Exercise objective:
The answer must be a word-for-word copy of the records below, with every picture left out.

[Records — start]

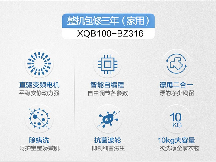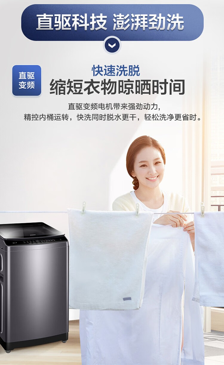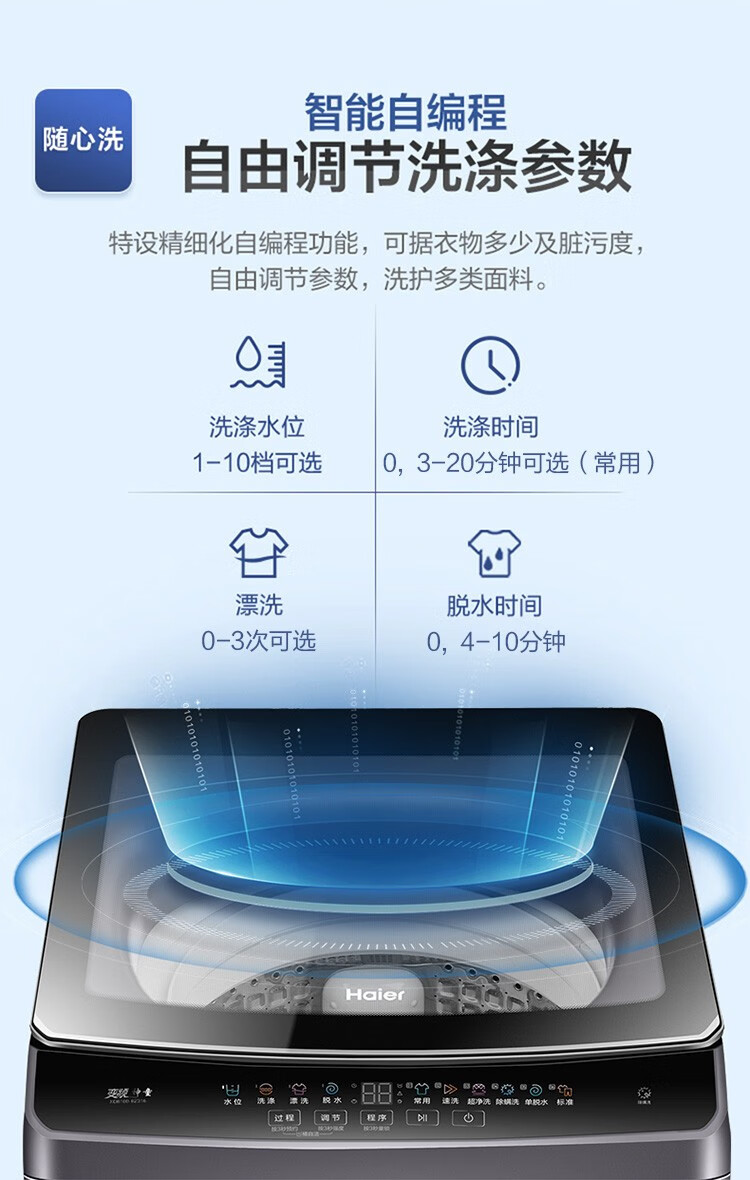 【直驱变频】海尔波轮洗衣机全自动10公斤直驱变频神童1级变频 LED屏自编程除螨洗专用桶自洁速洗BZ316除螨洗玻璃一级自编程 洗脱一体
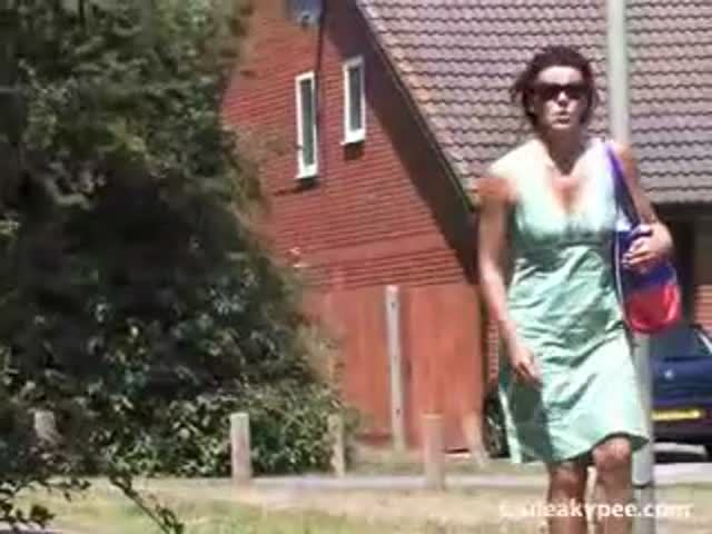 Beautiful dark haired girl peeing outdoor. She slowly spreads her legs wide opened.
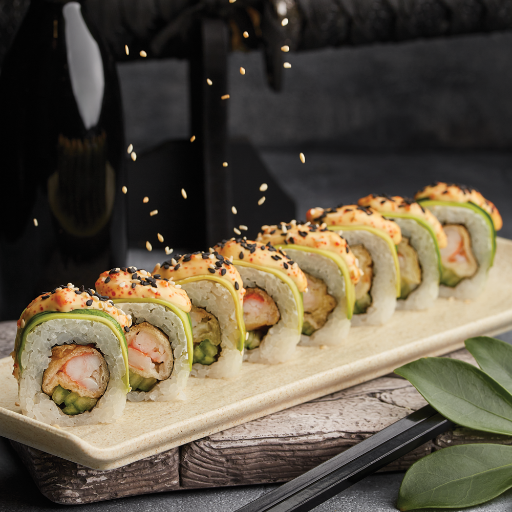 Tempura shrimp, tobiko caviar, avocado, cucumber, Japanese mayonnaise, sesame seeds.
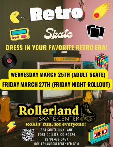 - FRIDAY NIGHT ROLLOUT from 6pm-9pm for Public Skate (All ages)
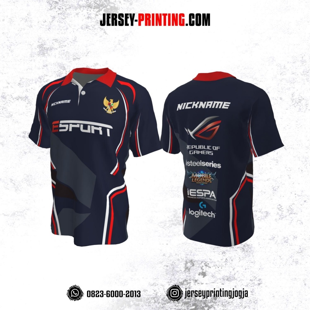 Jersey Gaming Esports Kerah Polo Dongker Garis Merah Putih
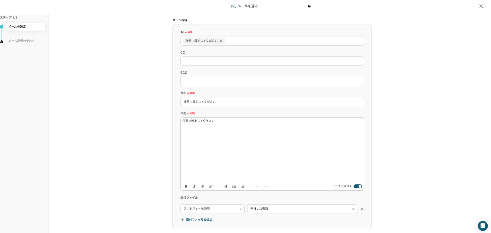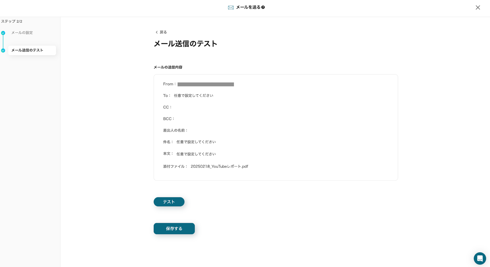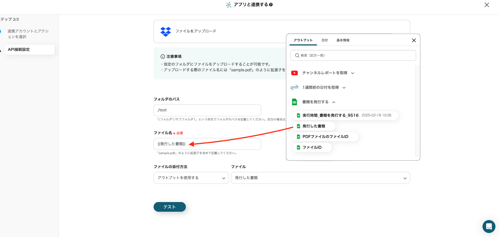 「ファイルの添付方法」は、テンプレートを活用しているためすでに設定は完了しています。画像と同じ状態であることを確認したら「テスト」をクリックしてください。
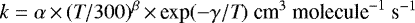 Notes. Definition of α, β, γ, F0, g can been found in Wakelam et al. (2012, 2010): , T is the temperature and ranges between 10 and 300 K except for some cases (noted).
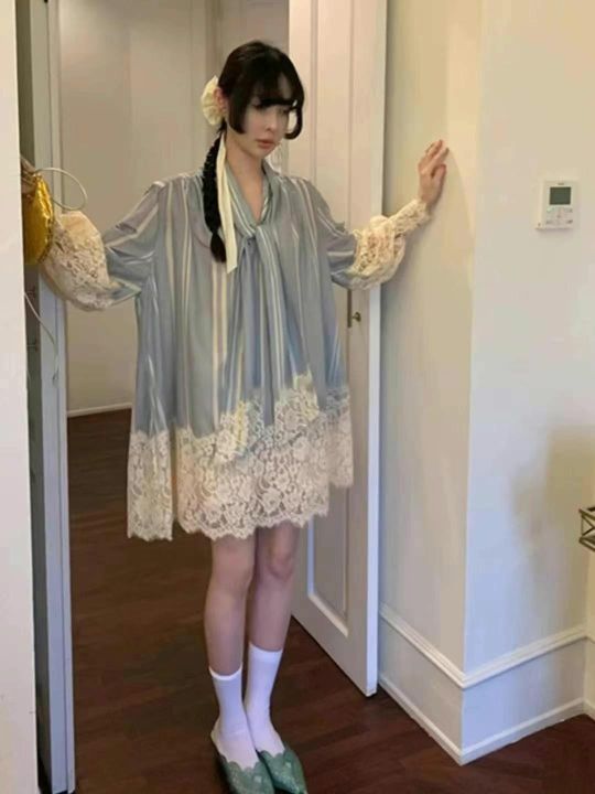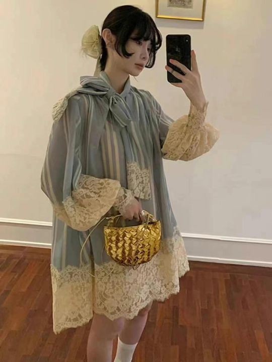 周雨彤庄洁同款法式重工拼接蕾丝连衣裙条纹衬衫裙女,...
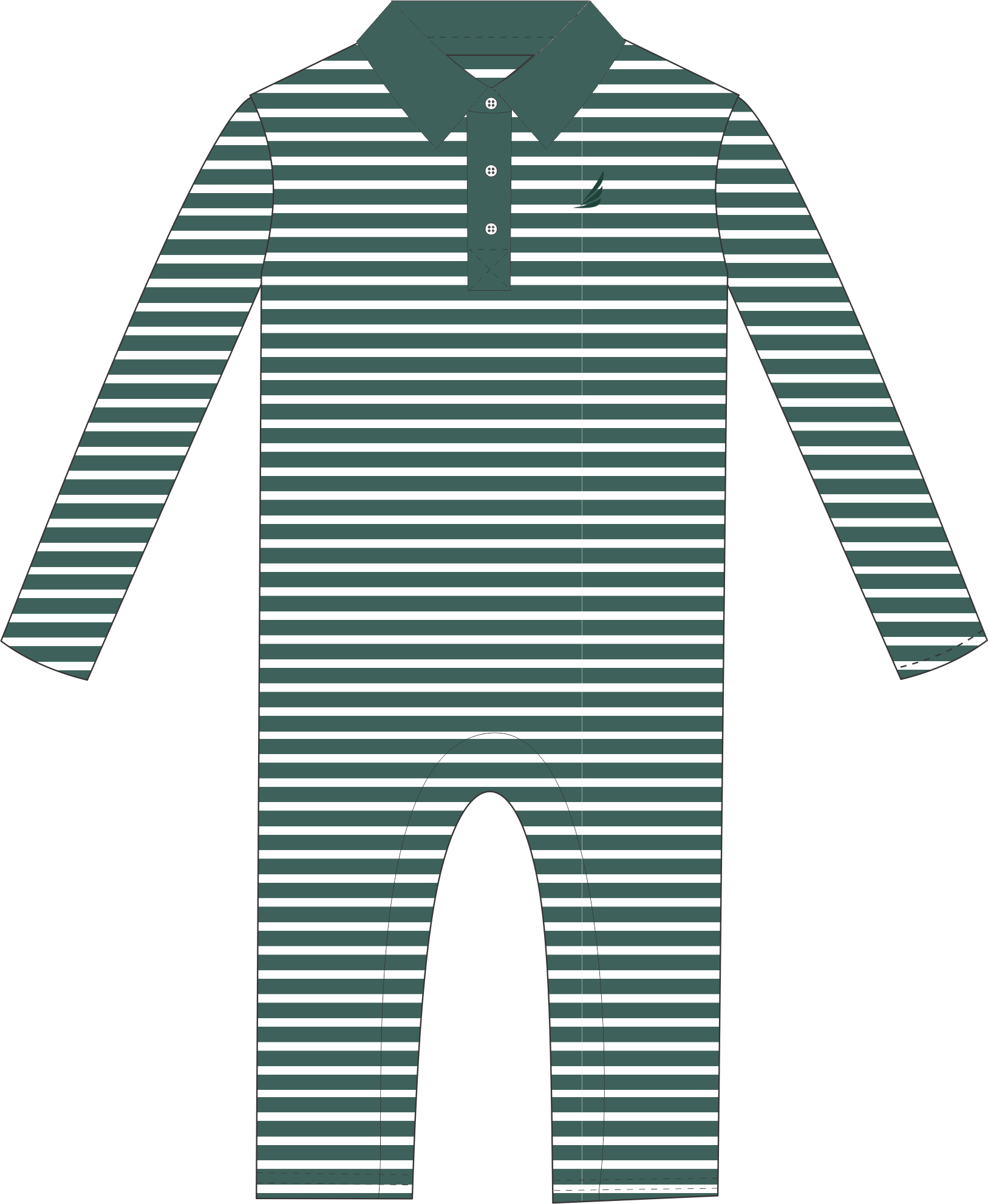 Performance Collared L/S Romper- Pine Stripe
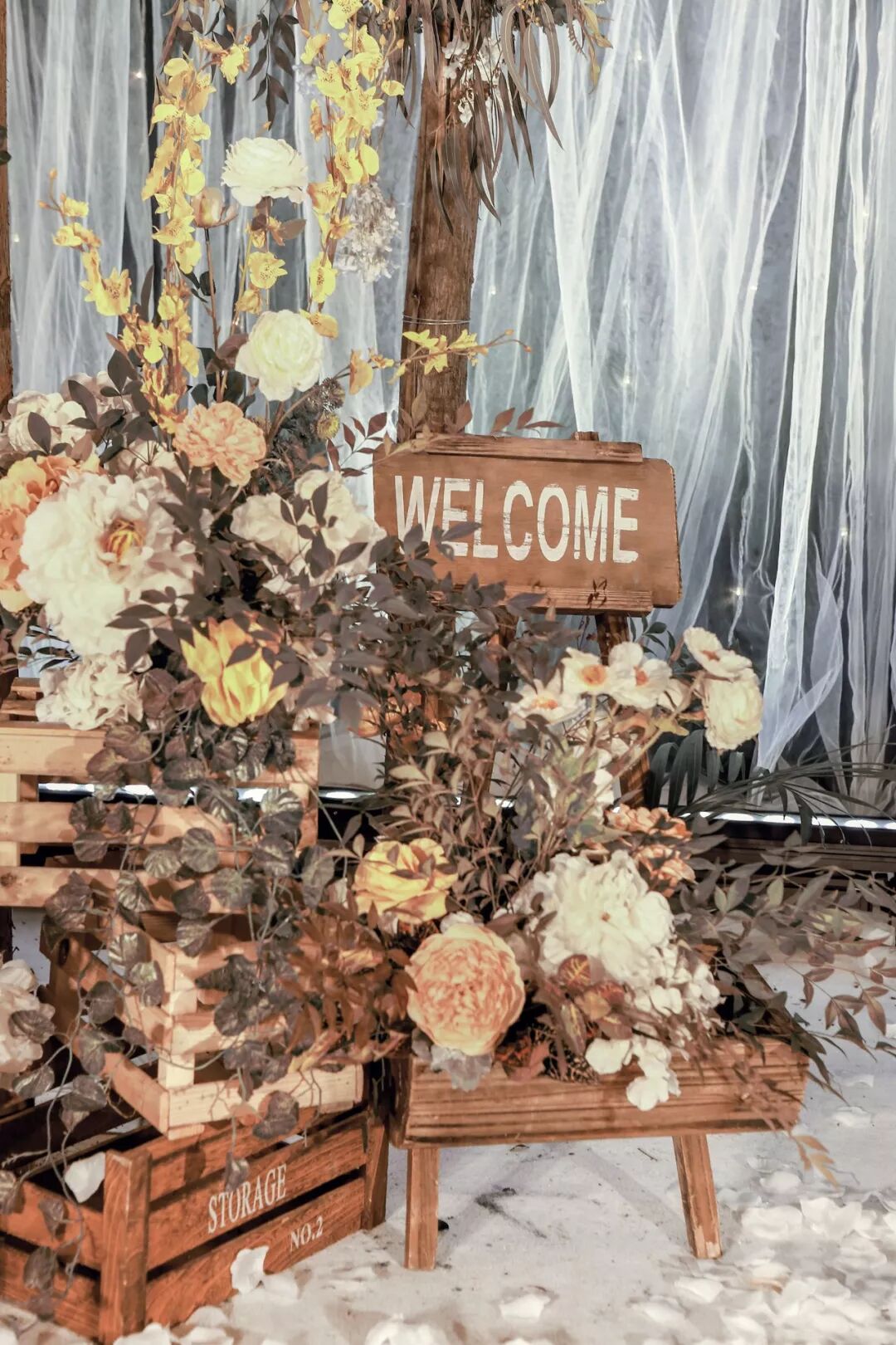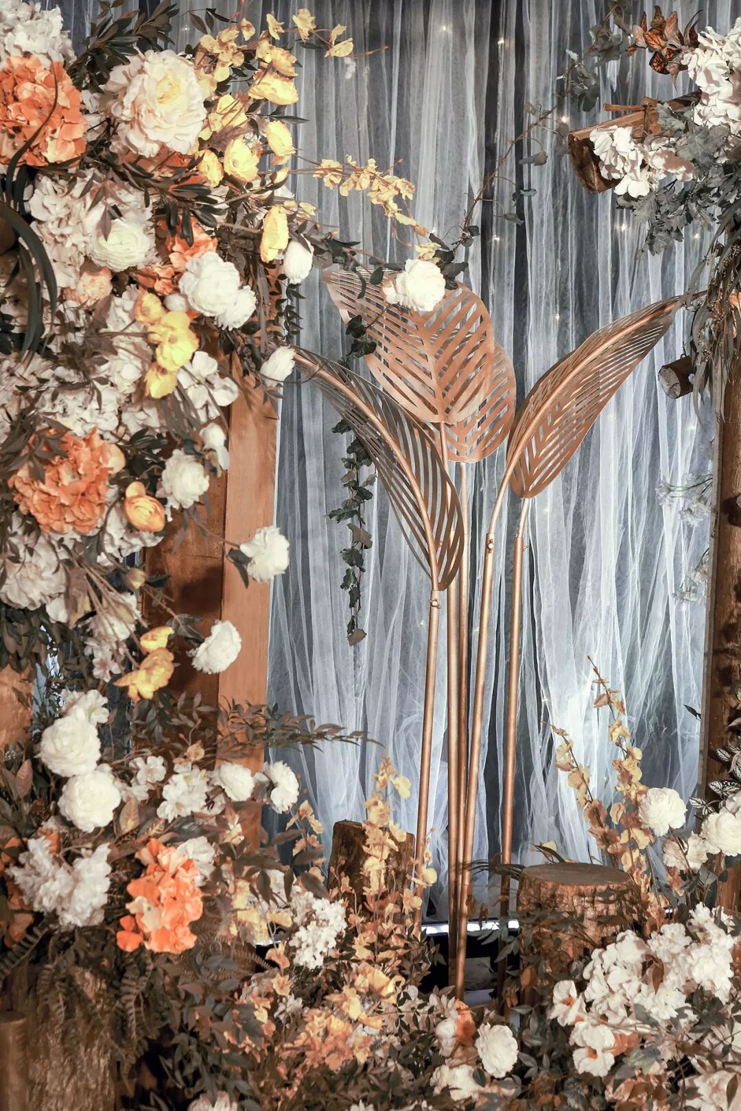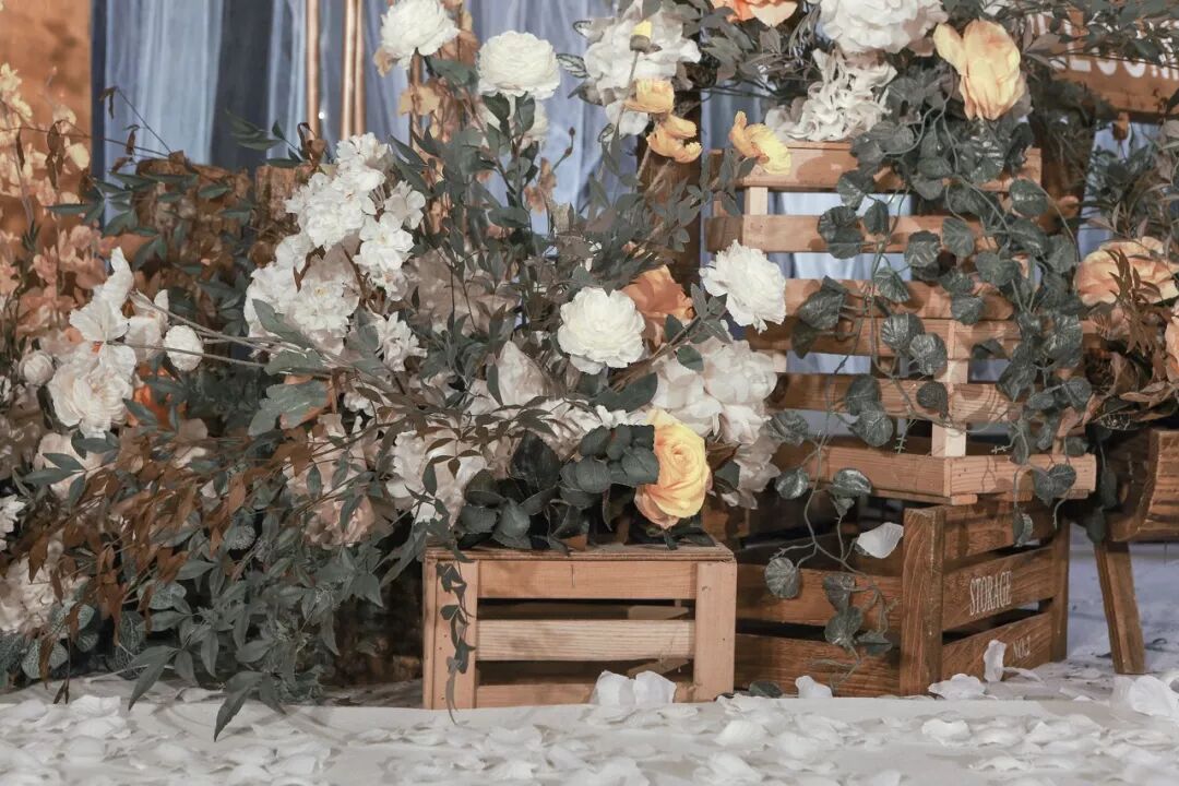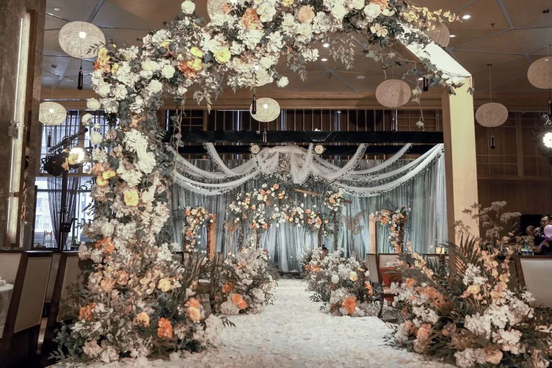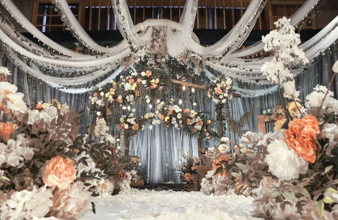 用道具搭建出森林一角,用这片美好见证新人的幸福时刻。
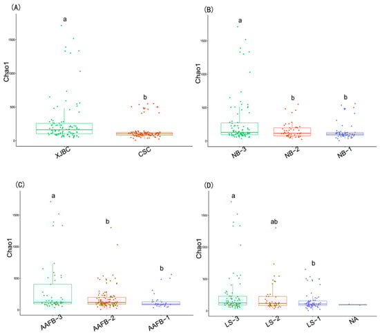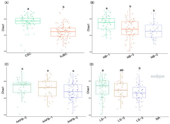 α Diversity estimates of microbial communities in the milk of dairy cows. (A–D), respectively: (A) indicates different breeds; (B) indicates different parity of cows; (C) indicates different first calving months of age; (D) indicates different stages of lactation. Different lowercase letters indicate significant differences (p < 0.05), and the same lowercase letters indicate nonsignificant differences (p > 0.05).

[Records — finish]

Exercise output:
 【直驱变频】海尔波轮洗衣机全自动10公斤直驱变频神童1级变频 LED屏自编程除螨洗专用桶自洁速洗BZ316除螨洗玻璃一级自编程 洗脱一体
 Beautiful dark haired girl peeing outdoor. She slowly spreads her legs wide opened.
 Tempura shrimp, tobiko caviar, avocado, cucumber, Japanese mayonnaise, sesame seeds.
 - FRIDAY NIGHT ROLLOUT from 6pm-9pm for Public Skate (All ages)
 Jersey Gaming Esports Kerah Polo Dongker Garis Merah Putih
 「ファイルの添付方法」は、テンプレートを活用しているためすでに設定は完了しています。画像と同じ状態であることを確認したら「テスト」をクリックしてください。
 Notes. Definition of α, β, γ, F0, g can been found in Wakelam et al. (2012, 2010): , T is the temperature and ranges between 10 and 300 K except for some cases (noted).
 周雨彤庄洁同款法式重工拼接蕾丝连衣裙条纹衬衫裙女,...
 Performance Collared L/S Romper- Pine Stripe
 用道具搭建出森林一角,用这片美好见证新人的幸福时刻。
 α Diversity estimates of microbial communities in the milk of dairy cows. (A–D), respectively: (A) indicates different breeds; (B) indicates different parity of cows; (C) indicates different first calving months of age; (D) indicates different stages of lactation. Different lowercase letters indicate significant differences (p < 0.05), and the same lowercase letters indicate nonsignificant differences (p > 0.05).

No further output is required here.